Based on my experience with mortgages since 2005, I've observed conforming loans generally tend to be around 0.25% cheaper than non-conforming loans on average. The percentage difference is not large. However, if you need to get a non-conforming loan in a high-cost city like San Francisco, the absolute dollar amount may be significant.

For example, if you took out a $1,500,000 non-conforming loan, it would cost $204 more a month at 3.25% than at 3%. At 3.375%, the increase would be $307 more a month compared to a mortgage at 3%.

The reason why rates for conforming loans tend to be cheaper than non-conforming loans is due to Freddie Mac and Fannie Mae. Fannie Mac and Fannie Mae are federally backed home mortgage companies created by the United States Congress. They back about half of all US mortgages and are not lenders. Instead, they are buyers of conforming loans from lenders and resell them to investors.

The actions of Freddie Mac and Fannie Mae makes loans cheaper for lenders because it enables lenders to de-risk and lends out more money.

Think of yourself as a lender. Let's say you lend $100 to Slim Shady at a 10% interest rate for one year. $100 is all the money you have in the world. Instead of waiting for 12 months to get $110 back, you can sell your loan to Freddie Mac for $106. In this way, you pocket a $6 profit and get to lend out your money again for potentially more profit.

Thanks to Freddie Mac, you might even charge a lower interest rate of 9% because you've got the government's backing. The system works until you lend out too much money to too many unscrupulous borrowers who don't pay you back.

Conforming Loan Requirements

Homebuyers using conforming loans generally have to meet the following requirements:

  • Minimum credit score: 620
  • Maximum loan limits: $647,200 and $970,800 for higher-cost areas for 2022
  • Maximum debt-to-income ratio: 43%
  • Minimum down payment required: At least 3%

You can certainly buy a much more expensive house than the maximum conforming loan limits if you have a larger mortgage. You just can't get a conforming loan with the likely lower rate beyond the maximum loan limits.

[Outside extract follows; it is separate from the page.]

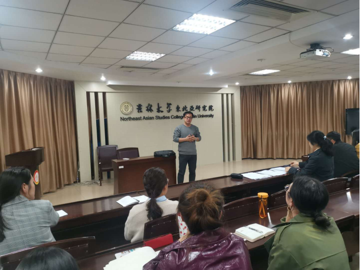卓越计划韩国研究项目行前培训第四讲在东荣大厦404室举行。金香丹老师和张慧智老师为大家详细讲解了韩国的历史、礼仪、文化、传统习俗等方面内容。计划赴韩参与本次韩国研究项目的二十余名师生参加了培训。

By categorizing higher-balance loans as conforming, more homebuyers can qualify for loans that are typically less expensive, require smaller down payments and allow for lower credit scores.

Non-conforming Loan Requirements (Jumbo Loans)

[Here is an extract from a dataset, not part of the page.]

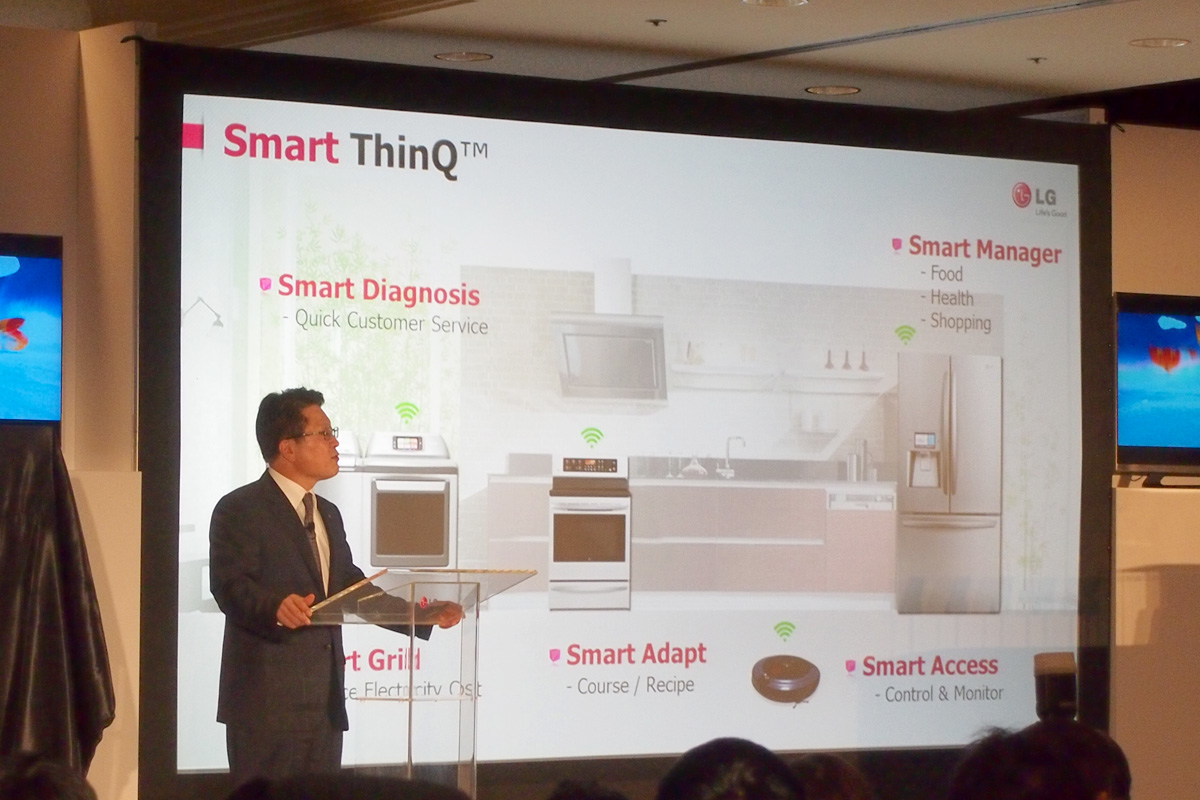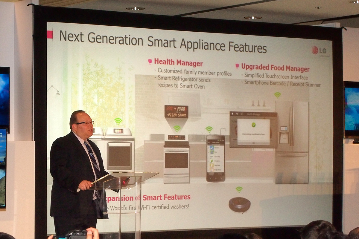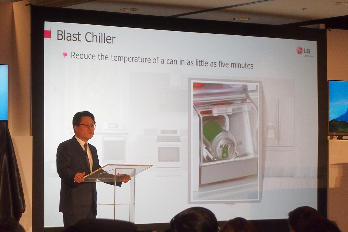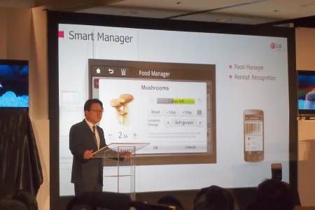 Smart ThinQ: Smart Diagnosis, Smart Grid, Smart Adopt, Smart Access. Ezek a technológiák már tavaly is léteztek, most a kulcsszó a Smart Manager, ami az okos eszközök közötti kapcsolatot teremti meg. Akár telefonról és távolról is nyomon lehet követni pl., hogy mi van a hűtőben, van automatikus rendelési lehetőség, letöltési lista, stb. De a rendszer tud mást is, pl. az egészségügyi adatokat tárolja akár a család minden tagjára, és azokat külön is kezeli. Nagy dobás a Blast Chiller, amivel az LG innovációs díjat is nyert: dobozos üdítőt vagy sört 5 perc alatt lehűt „iható” hőmérsékletre, ami, ha az amerikai kb. 0 fokos átlagos felszolgálási hőmérsékletet vesszük, igazán impresszív teljesítmény.

When people think of a non-conforming loan, they often think of loans that are greater than the conforming loan limits, hence, the term “jumbo loans.” However, that's not always the case.

A non-conforming loan is simply any mortgage that doesn’t conform to the requirements set forth by Fannie Mae and Freddie Mac. Non-conforming loans also include government-backed loans like VA loans, FHA loans or USDA loans.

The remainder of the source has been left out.